As theses delays are quite common when the SSHd is configured by default, I quickly added theses lines to remove GSSAPI and DNS common issues:
/etc/ssh/sshd_config
LookupClientHostnames no VerifyReverseMapping no GSSAPIAuthentication no
Although, theses settings didn’t fixed the problem.

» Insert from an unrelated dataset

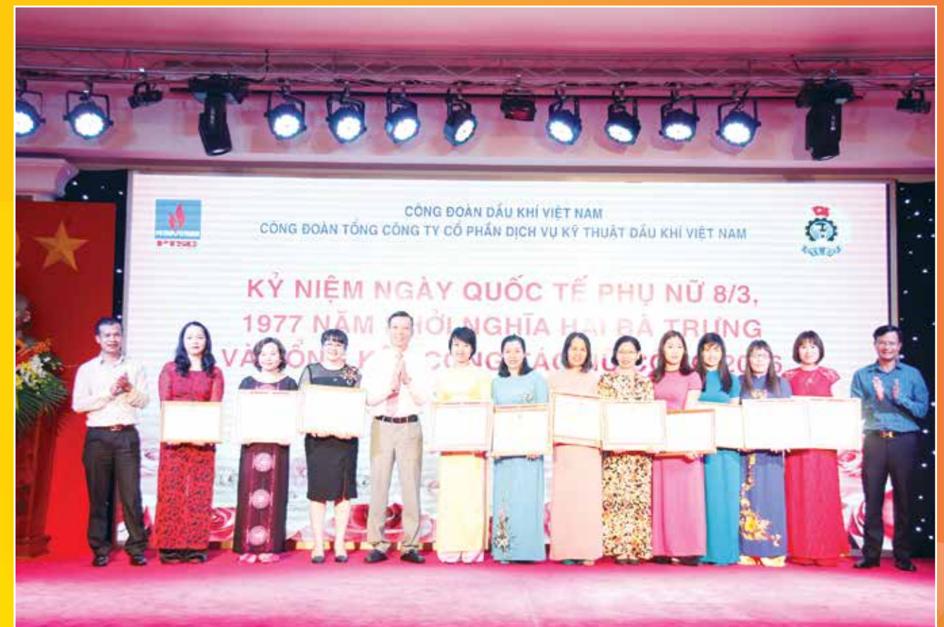
Lãnh đạo công đoàn Tổng Công Ty CP Dịch vụ và Kỹ thuật Dầu khí trao tặng Bằng khen cho gương "Phụ nữ Hai giới" 2016

I added some verbosity to both ssh client and server and tracked down the delay to happen at this stage of the connection:
On the client:
$ ssh -v -p 2222 s11box -l adminifm OpenSSH_5.8p1-hpn13v10lpk, OpenSSL 1.0.0c 2 Dec 2010 debug1: Reading configuration data /home/wildcat/.ssh/config debug1: Reading configuration data /etc/ssh/ssh_config debug1: Connecting to admblockum04 10.2.12.155 port 2222. debug1: Connection established. debug1: identity file /home/wildcat/.ssh/id_rsa type -1 debug1: identity file /home/wildcat/.ssh/id_rsa-cert type -1 debug1: identity file /home/wildcat/.ssh/id_dsa type 2 debug1: identity file /home/wildcat/.ssh/id_dsa-cert type -1 debug1: identity file /home/wildcat/.ssh/id_ecdsa type -1 debug1: identity file /home/wildcat/.ssh/id_ecdsa-cert type -1 debug1: Remote protocol version 2.0, remote software version Sun_SSH_2.0 debug1: no match: Sun_SSH_2.0 debug1: Enabling compatibility mode for protocol 2.0 debug1: Local version string SSH-2.0-OpenSSH_5.8p1-hpn13v10lpk debug1: SSH2_MSG_KEXINIT sent *** HANG ***
And on the server:
debug1: Reloading X.509 host keys to avoid PKCS#11 fork issues.monitor debug1: reading the context from the child debug1: use_engine is 'no' debug1: list_hostkey_types: ssh-rsa,ssh-dss debug1: My KEX proposal before adding the GSS KEX algorithm: debug2: kex_parse_kexinit: diffie-hellman-group-exchange-sha1,diffie-hellman-group14-sha1,diffie-hellman- group1-sha1 debug2: kex_parse_kexinit: ssh-rsa,ssh-dss debug2: kex_parse_kexinit: aes128-ctr,aes192-ctr,aes256-ctr,arcfour128,arcfour256,arcfour debug2: kex_parse_kexinit: aes128-ctr,aes192-ctr,aes256-ctr,arcfour128,arcfour256,arcfour debug2: kex_parse_kexinit: hmac-md5,hmac-sha1,hmac-sha1-96,hmac-md5-96 debug2: kex_parse_kexinit: hmac-md5,hmac-sha1,hmac-sha1-96,hmac-md5-96 debug2: kex_parse_kexinit: none,zlib debug2: kex_parse_kexinit: none,zlib debug2: kex_parse_kexinit: de-DE,en-US,es-ES,fr-FR,it-IT,ja-JP,ko-KR,pt-BR,zh-CN,zh-TW,i-default debug2: kex_parse_kexinit: de-DE,en-US,es-ES,fr-FR,it-IT,ja-JP,ko-KR,pt-BR,zh-CN,zh-TW,i-default debug2: kex_parse_kexinit: first_kex_follows 0 debug2: kex_parse_kexinit: reserved 0 *** HANG ***
Adding truss of the server process is helping us a lot:
17477: so_socket(PF_INET, SOCK_STREAM, IPPROTO_IP, 0, SOV_DEFAULT) = 3 17469: pollsys(0x080451C0, 1, 0x00000000, 0x00000000) (sleeping...) 17477: connect(3, 0x08047030, 16, SOV_DEFAULT) (sleeping...)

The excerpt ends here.